◆ **Exercise description**: Repeat the records below exactly, leaving out every picture.
*** Block opens ***
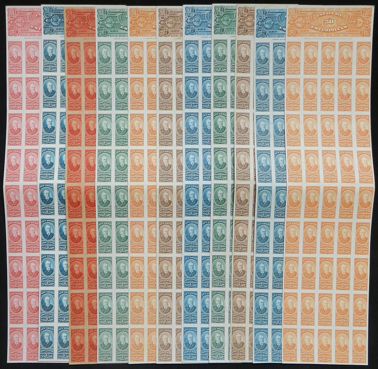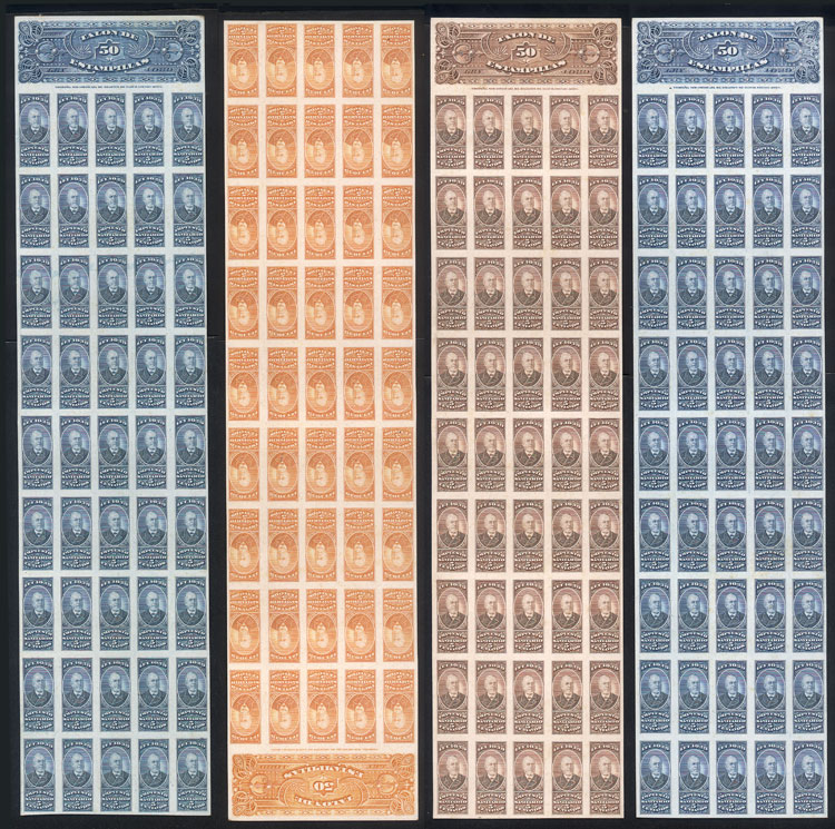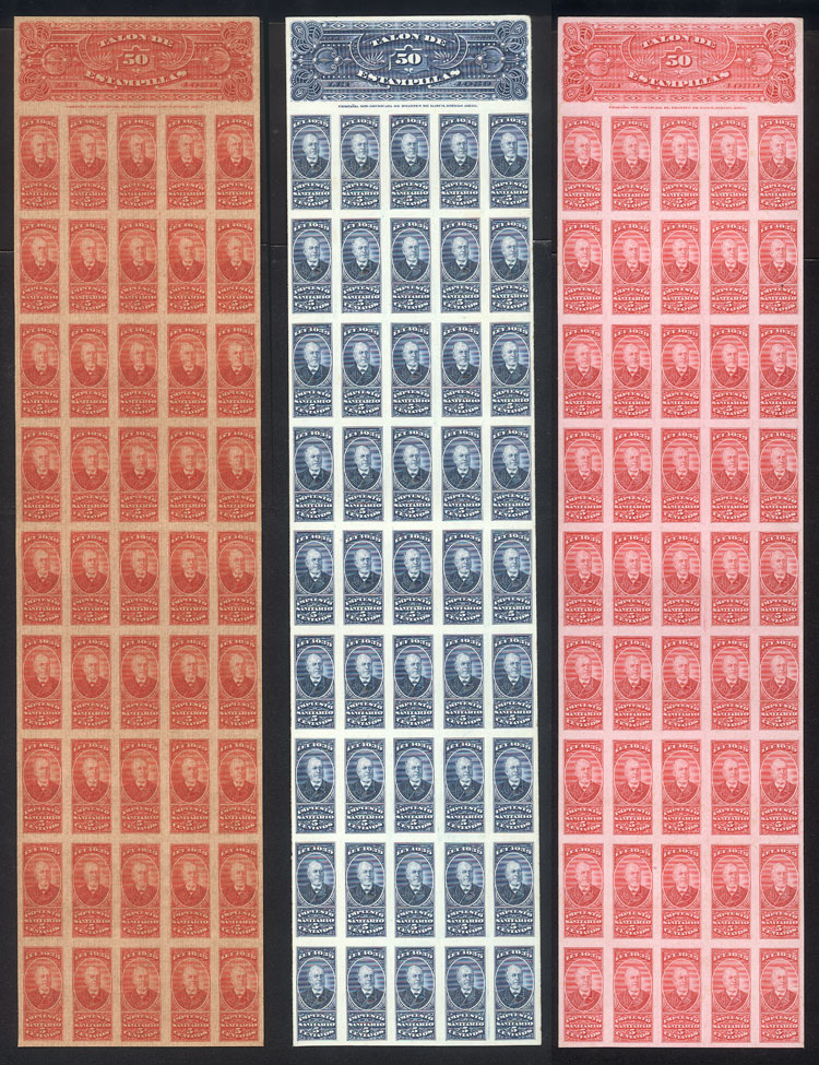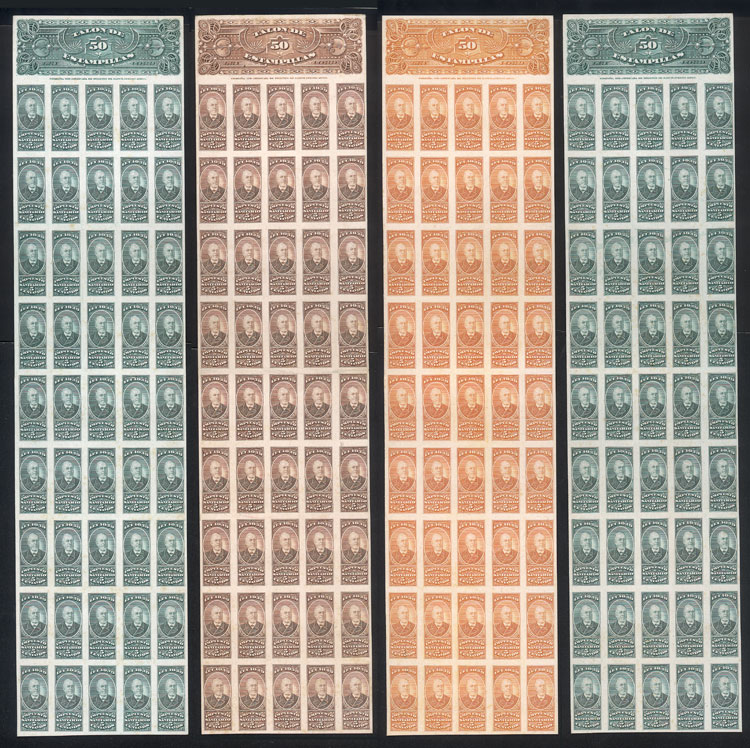 1012   image5c. Health tax, Ley 4039, blocks of 50 revenue stamps, 11 proofs in different colors printed on card (some opaque, most with glazed front, and one on thick paper with glazed front), VF quality, very rare group! (Image) (Image-02) (Image-03) (Image-04) (All Images)
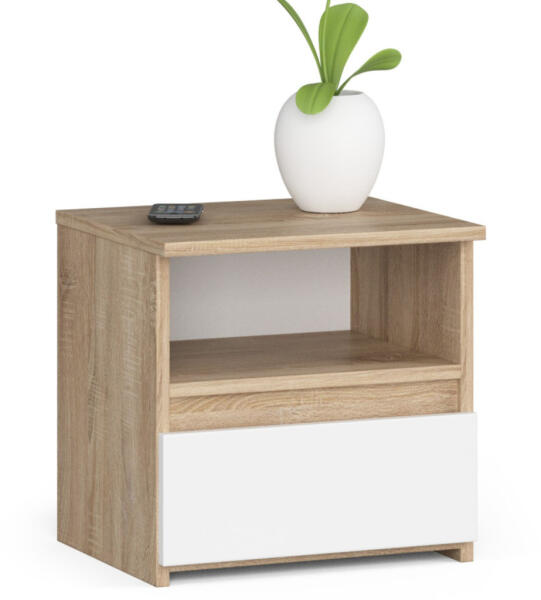 Modern és praktikus éjjeliszekrény egy fiókkal és nyitott tárolórésszel, amely tökéletes kiegészítője lehet hálószobájának. Sonoma tölgy és fehér színkombinációban, tartós laminált lapból készült, ABS élzárással a hosszú élettartam érdekében. Elegáns és praktikus tárolási megoldás a hálószobábaAz AKORD CL1 éjjeliszekrény tökéletes kombinációja a fun
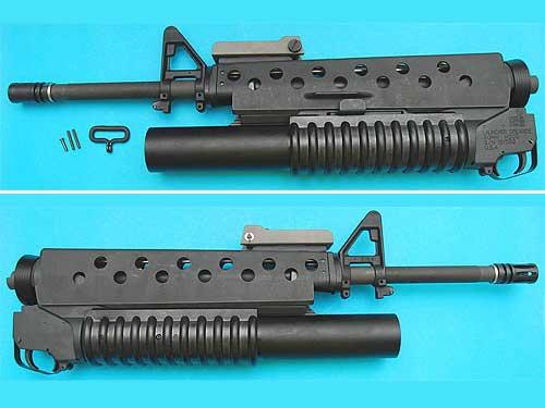 • M203 long type barrel mount grenade launcher with CNC metal barrel.
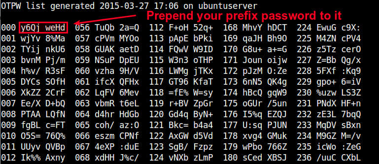 设置好密码前缀后,这个命令会产生 280 个一次性密码(LCTT 译注:保存到 ~/.otpw 下),并将它们导出到一个文本文件中(如 temporary_password.txt)。每个密码(默认是 8 个字符)由一个 3 位十进制数索引。你需要将这个密码表打印出来,并随身携带。
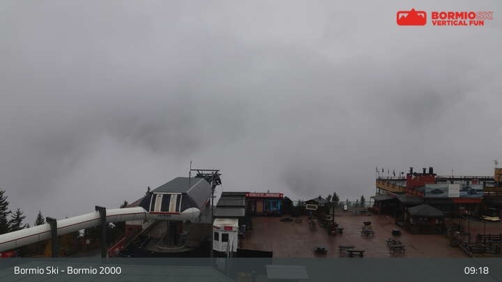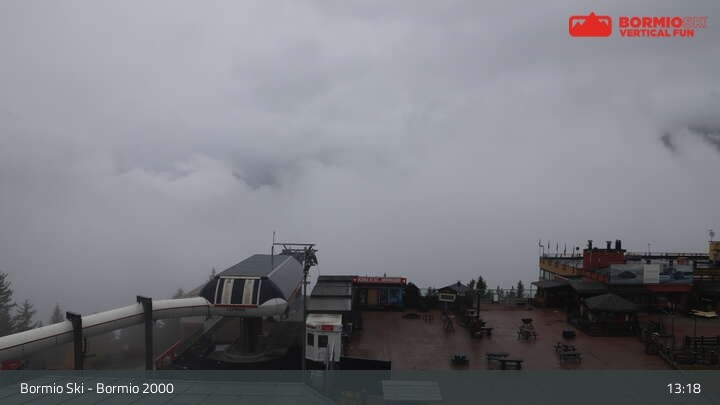 Blick auf die Talstation Bormio 2000. Auf dem Hochplateau befinden sich mehrerere Restaraunts und Unterkünfte. Auch das Kinderland liegt hier.
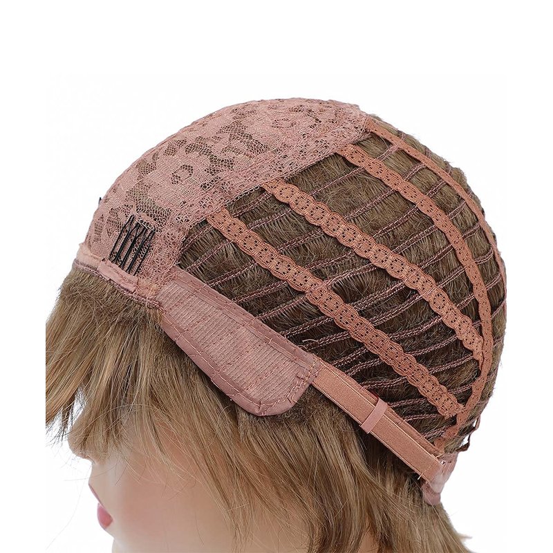- Adjustable Wig Cap Construction: Ear to Ear 13.5”-13.75”. Cap Circumference 21"-22.5”. Front to Back 14”-14.5”. Two adjustment straps can be Linked to a fixed position to fit different sizes. Easy to install, easy to take off.
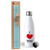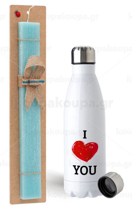 I Love You, Πασχαλινή Λαμπάδα με μεταλλικό παγούρι ανοξείδωτο (750ml) & κερί αρωματικό πλακέ (30cm) (ΤΙΡΚΟΥΑΖ)
*** Block closes ***
◆ **Finished exercise**:
 1012   image5c. Health tax, Ley 4039, blocks of 50 revenue stamps, 11 proofs in different colors printed on card (some opaque, most with glazed front, and one on thick paper with glazed front), VF quality, very rare group! (Image) (Image-02) (Image-03) (Image-04) (All Images)
 Modern és praktikus éjjeliszekrény egy fiókkal és nyitott tárolórésszel, amely tökéletes kiegészítője lehet hálószobájának. Sonoma tölgy és fehér színkombinációban, tartós laminált lapból készült, ABS élzárással a hosszú élettartam érdekében. Elegáns és praktikus tárolási megoldás a hálószobábaAz AKORD CL1 éjjeliszekrény tökéletes kombinációja a fun
 • M203 long type barrel mount grenade launcher with CNC metal barrel.
 设置好密码前缀后,这个命令会产生 280 个一次性密码(LCTT 译注:保存到 ~/.otpw 下),并将它们导出到一个文本文件中(如 temporary_password.txt)。每个密码(默认是 8 个字符)由一个 3 位十进制数索引。你需要将这个密码表打印出来,并随身携带。
 Blick auf die Talstation Bormio 2000. Auf dem Hochplateau befinden sich mehrerere Restaraunts und Unterkünfte. Auch das Kinderland liegt hier.
- Adjustable Wig Cap Construction: Ear to Ear 13.5”-13.75”. Cap Circumference 21"-22.5”. Front to Back 14”-14.5”. Two adjustment straps can be Linked to a fixed position to fit different sizes. Easy to install, easy to take off.
 I Love You, Πασχαλινή Λαμπάδα με μεταλλικό παγούρι ανοξείδωτο (750ml) & κερί αρωματικό πλακέ (30cm) (ΤΙΡΚΟΥΑΖ)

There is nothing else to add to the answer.